**Listed records:**
+--

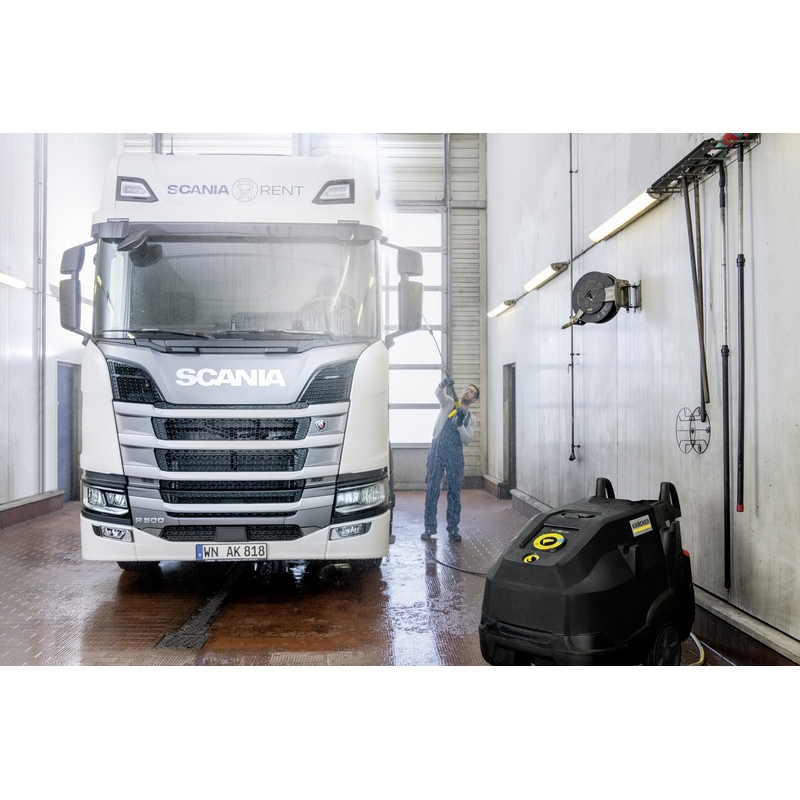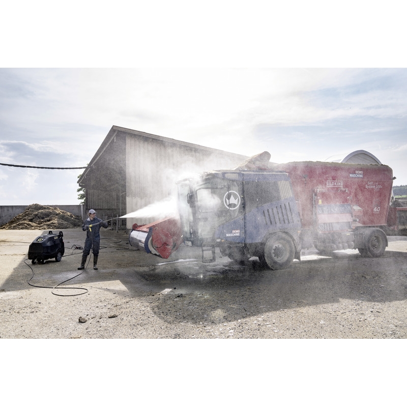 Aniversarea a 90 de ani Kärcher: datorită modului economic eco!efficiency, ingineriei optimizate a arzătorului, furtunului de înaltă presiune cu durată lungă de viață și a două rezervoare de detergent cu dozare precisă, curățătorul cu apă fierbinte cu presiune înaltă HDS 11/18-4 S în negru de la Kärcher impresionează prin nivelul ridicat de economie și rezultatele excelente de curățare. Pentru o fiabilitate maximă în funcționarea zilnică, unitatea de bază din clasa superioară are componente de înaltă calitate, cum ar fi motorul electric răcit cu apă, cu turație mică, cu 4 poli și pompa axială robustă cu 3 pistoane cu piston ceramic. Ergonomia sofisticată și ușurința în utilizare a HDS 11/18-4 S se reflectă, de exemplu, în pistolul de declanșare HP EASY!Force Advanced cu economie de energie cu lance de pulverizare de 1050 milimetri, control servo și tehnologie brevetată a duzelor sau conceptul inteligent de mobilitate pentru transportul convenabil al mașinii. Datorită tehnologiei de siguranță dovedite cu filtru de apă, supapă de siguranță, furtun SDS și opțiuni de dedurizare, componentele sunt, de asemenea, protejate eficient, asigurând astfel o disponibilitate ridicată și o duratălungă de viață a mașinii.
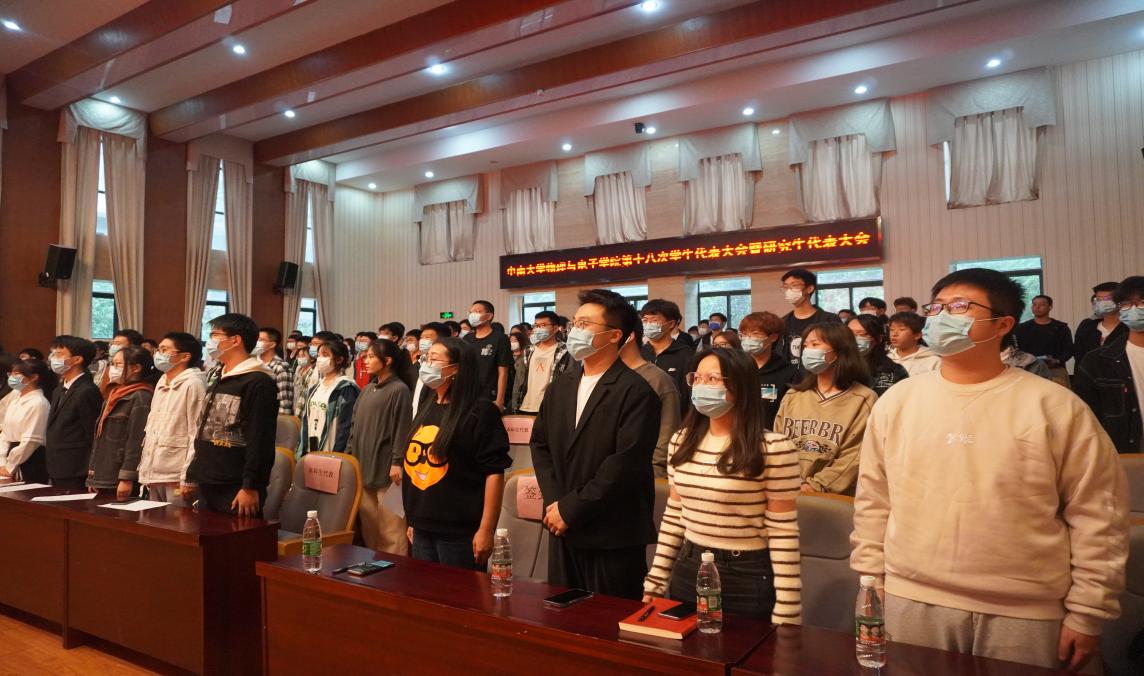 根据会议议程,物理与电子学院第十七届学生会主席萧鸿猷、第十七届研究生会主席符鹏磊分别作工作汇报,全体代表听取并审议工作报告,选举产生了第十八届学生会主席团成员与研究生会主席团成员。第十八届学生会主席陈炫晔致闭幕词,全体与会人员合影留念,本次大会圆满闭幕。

+--

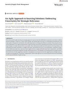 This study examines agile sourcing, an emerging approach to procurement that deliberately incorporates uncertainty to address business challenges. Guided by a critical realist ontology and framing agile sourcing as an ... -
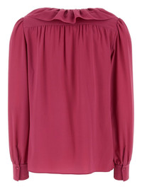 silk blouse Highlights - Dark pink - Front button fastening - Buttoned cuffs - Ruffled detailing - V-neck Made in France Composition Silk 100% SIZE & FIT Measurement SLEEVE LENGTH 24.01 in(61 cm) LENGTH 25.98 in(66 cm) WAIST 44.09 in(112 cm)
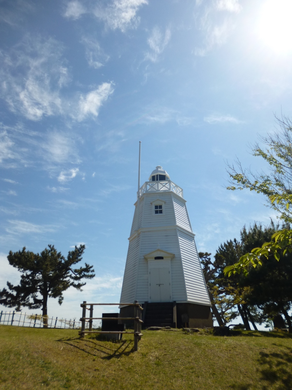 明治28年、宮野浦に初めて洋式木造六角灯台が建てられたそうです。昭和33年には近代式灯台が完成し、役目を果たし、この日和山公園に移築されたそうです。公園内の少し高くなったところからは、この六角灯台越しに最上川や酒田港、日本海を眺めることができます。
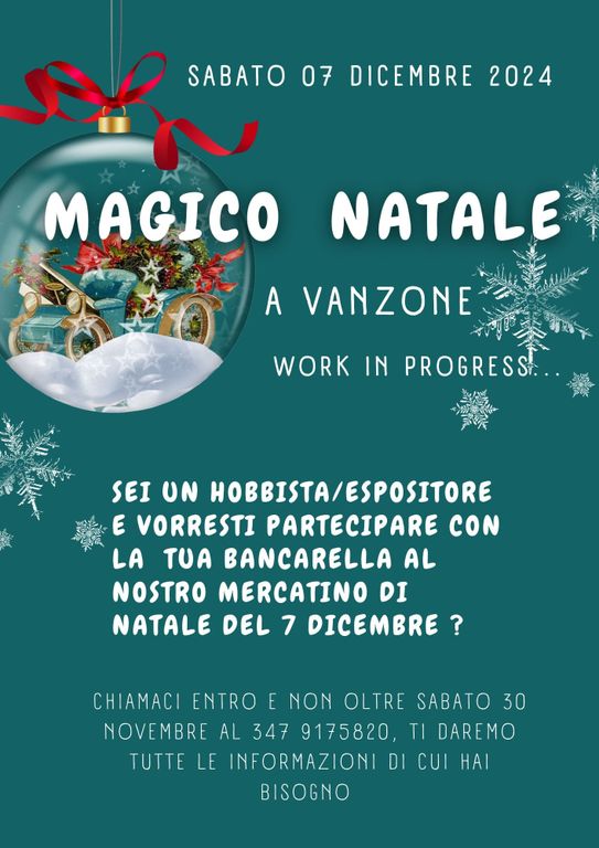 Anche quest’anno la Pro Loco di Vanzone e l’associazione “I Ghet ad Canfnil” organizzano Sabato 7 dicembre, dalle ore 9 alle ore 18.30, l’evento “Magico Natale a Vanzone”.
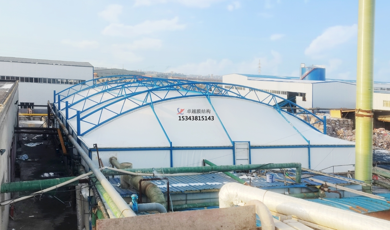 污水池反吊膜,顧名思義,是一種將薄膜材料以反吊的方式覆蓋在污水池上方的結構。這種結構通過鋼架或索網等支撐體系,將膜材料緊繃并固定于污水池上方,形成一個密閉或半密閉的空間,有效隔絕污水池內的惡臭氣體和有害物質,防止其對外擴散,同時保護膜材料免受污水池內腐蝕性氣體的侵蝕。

+--

**Exercise brief:** From the records above, copy exactly the lines starting at the one with "This study examines" and ending at the one with "污水池反吊膜,顧名思義,是一", and no others. Pictures stay out.

**Written reply:**
 This study examines agile sourcing, an emerging approach to procurement that deliberately incorporates uncertainty to address business challenges. Guided by a critical realist ontology and framing agile sourcing as an ... -
 silk blouse Highlights - Dark pink - Front button fastening - Buttoned cuffs - Ruffled detailing - V-neck Made in France Composition Silk 100% SIZE & FIT Measurement SLEEVE LENGTH 24.01 in(61 cm) LENGTH 25.98 in(66 cm) WAIST 44.09 in(112 cm)
 明治28年、宮野浦に初めて洋式木造六角灯台が建てられたそうです。昭和33年には近代式灯台が完成し、役目を果たし、この日和山公園に移築されたそうです。公園内の少し高くなったところからは、この六角灯台越しに最上川や酒田港、日本海を眺めることができます。
 Anche quest’anno la Pro Loco di Vanzone e l’associazione “I Ghet ad Canfnil” organizzano Sabato 7 dicembre, dalle ore 9 alle ore 18.30, l’evento “Magico Natale a Vanzone”.
 污水池反吊膜,顧名思義,是一種將薄膜材料以反吊的方式覆蓋在污水池上方的結構。這種結構通過鋼架或索網等支撐體系,將膜材料緊繃并固定于污水池上方,形成一個密閉或半密閉的空間,有效隔絕污水池內的惡臭氣體和有害物質,防止其對外擴散,同時保護膜材料免受污水池內腐蝕性氣體的侵蝕。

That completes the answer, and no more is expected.